- **DIRECTIONS FOR THIS TASK**
Take the line that contains "Bikini con estampado" and every line below it to the end of the entries, and give them again exactly, leaving out any pictures.

- **INFORMATION PROVIDED**

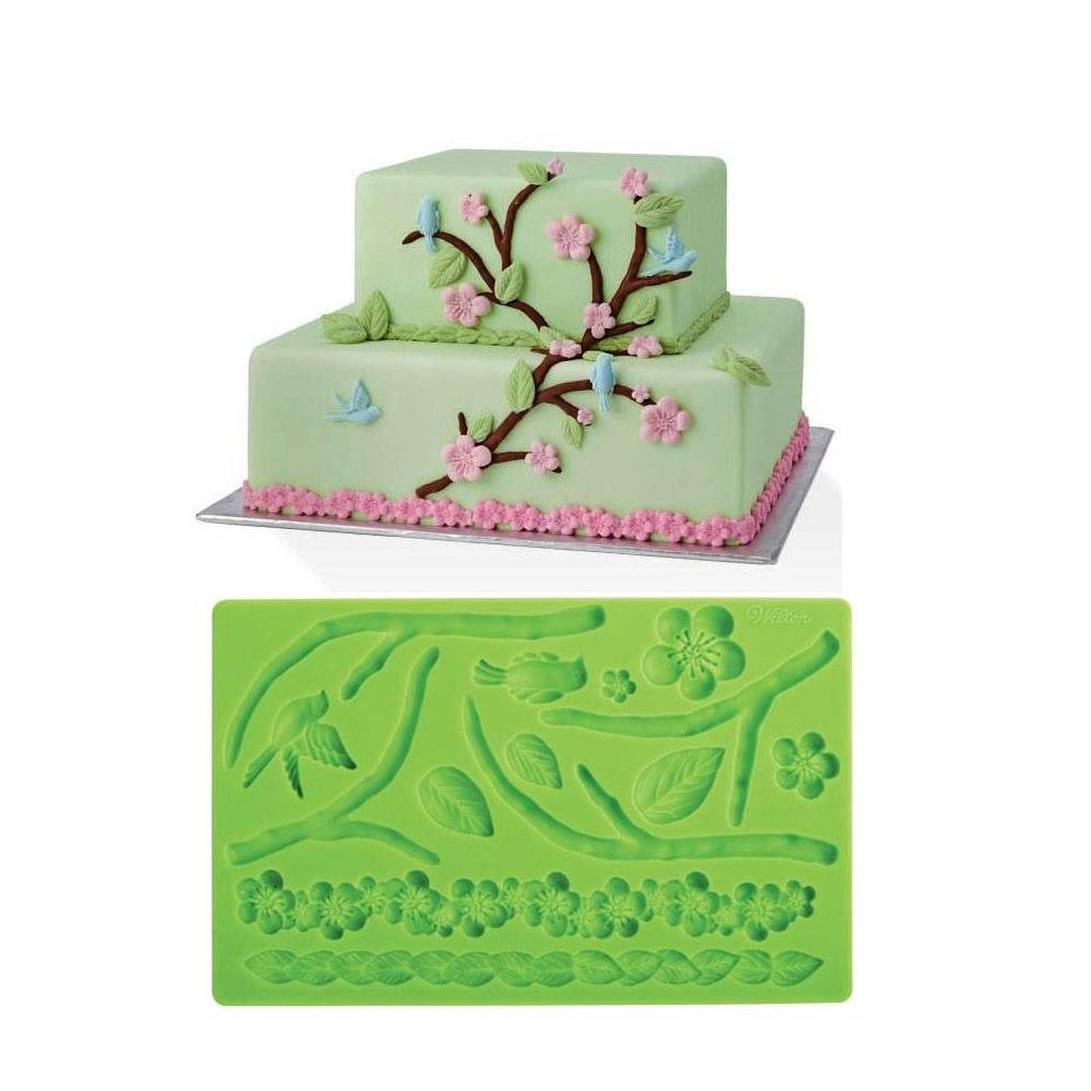 Molde em silicone com motivos de flores/raizes, tem cerca de 20x14cm. Ideal para trabalhar Pasta de Açúcar, não pode ir ao forno. Produto de qualidade marca Wilton.
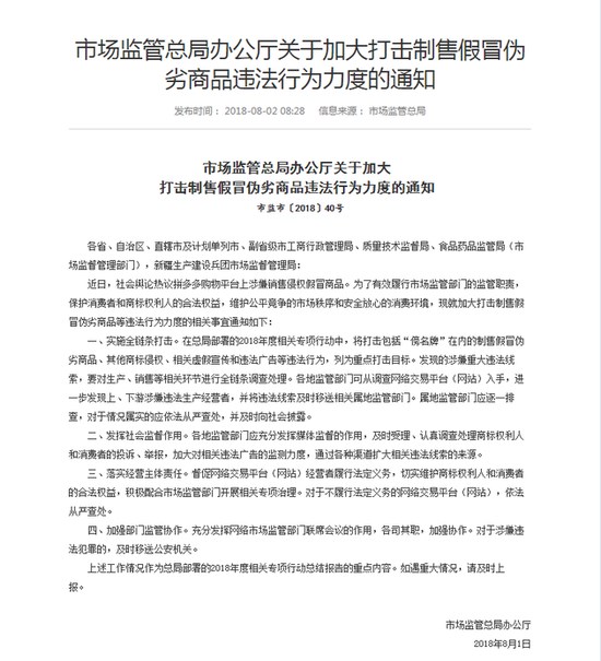 今天市场监管总局官网发布消息称,近日,社会舆论热议拼多多购物平台上涉嫌销售侵权假冒商品。为了有效履行市场监管部门监管职责,保护消费者和商标权利人的合法权益,维护公平竞争的市场秩序和安全放心的消费环境,现就加大打击制售假冒伪劣商品等违法行为力度的相关事宜通知如下:
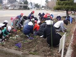 1月20日の清掃の時間に、みどりの少年団活動で花壇の除草作業を行いました。
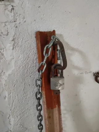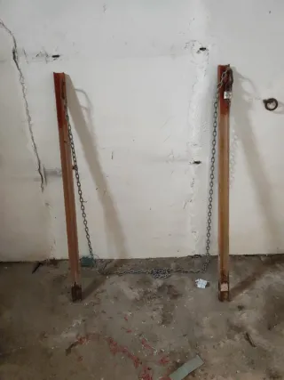 Set de postes de hierro con cadena y candado, ideal para el cierre de fincas o accesos. - Dos postes de hierro - Cadena metálica. de unos 3.5mts. - Candado incluido.
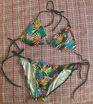 Bikini con estampado de palmeras, sin estrenar, talla S aprox. Relleno extraíble para facilitar el lavado. Forro negro en la parte anterior de la braguita para que no se transparente. Bolsita impermeable de transporte y guardado. Medidas: 19cm cada lado de los triángulos; anchura de la braguita regulable con las tiras. ¡Ideal para preparar el verano!
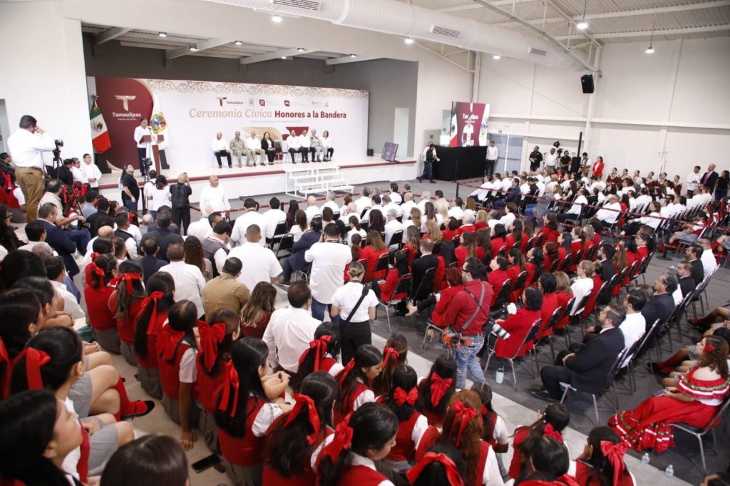 En la ceremonia cívica de honores, ante más de 400 alumnas, agregó que en Tamaulipas la transformación comienza en la escuela, “y a ustedes les corresponde garantizarlo”, afirmó.
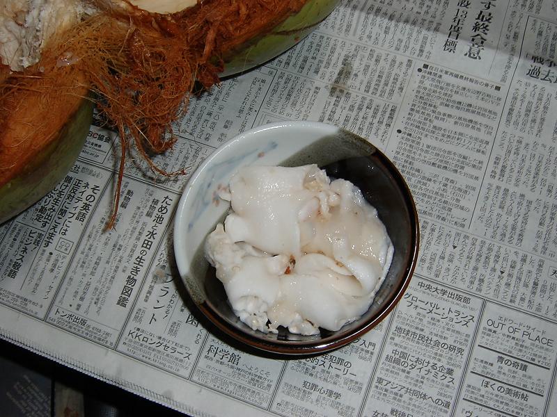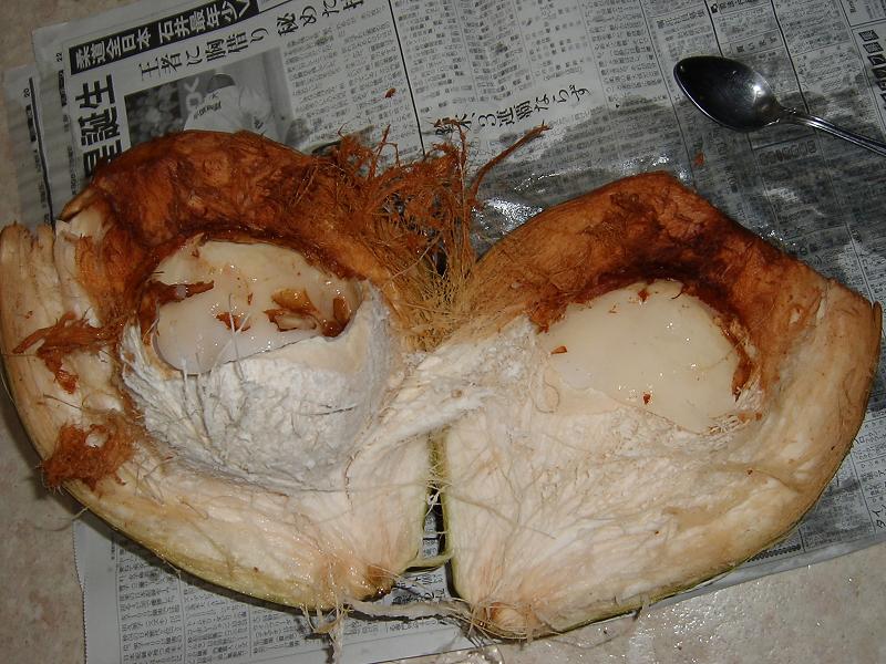 ちょっと不気味だ。これがココナッツミルクなのだろうか?何か違うような気もする。そもそもこれって食べられるかどうかすら怪しいではないか…。
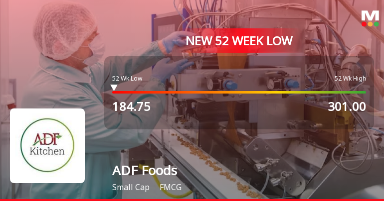 2026-01-20 11:10:15ADF Foods Ltd’s shares declined to a fresh 52-week low of Rs.185.15 on 20 Jan 2026, marking a significant milestone in the stock’s ongoing downward trajectory. The stock has underperformed both its sector and broader market indices, reflecting a series of challenges impacting investor sentiment and price momentum.
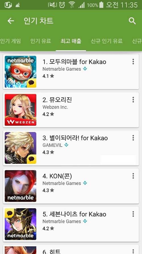 ▲ 2016년 4월 13일 구글플레이 매출순위

- **REPLY**
 Bikini con estampado de palmeras, sin estrenar, talla S aprox. Relleno extraíble para facilitar el lavado. Forro negro en la parte anterior de la braguita para que no se transparente. Bolsita impermeable de transporte y guardado. Medidas: 19cm cada lado de los triángulos; anchura de la braguita regulable con las tiras. ¡Ideal para preparar el verano!
 En la ceremonia cívica de honores, ante más de 400 alumnas, agregó que en Tamaulipas la transformación comienza en la escuela, “y a ustedes les corresponde garantizarlo”, afirmó.
 ちょっと不気味だ。これがココナッツミルクなのだろうか?何か違うような気もする。そもそもこれって食べられるかどうかすら怪しいではないか…。
 2026-01-20 11:10:15ADF Foods Ltd’s shares declined to a fresh 52-week low of Rs.185.15 on 20 Jan 2026, marking a significant milestone in the stock’s ongoing downward trajectory. The stock has underperformed both its sector and broader market indices, reflecting a series of challenges impacting investor sentiment and price momentum.
 ▲ 2016년 4월 13일 구글플레이 매출순위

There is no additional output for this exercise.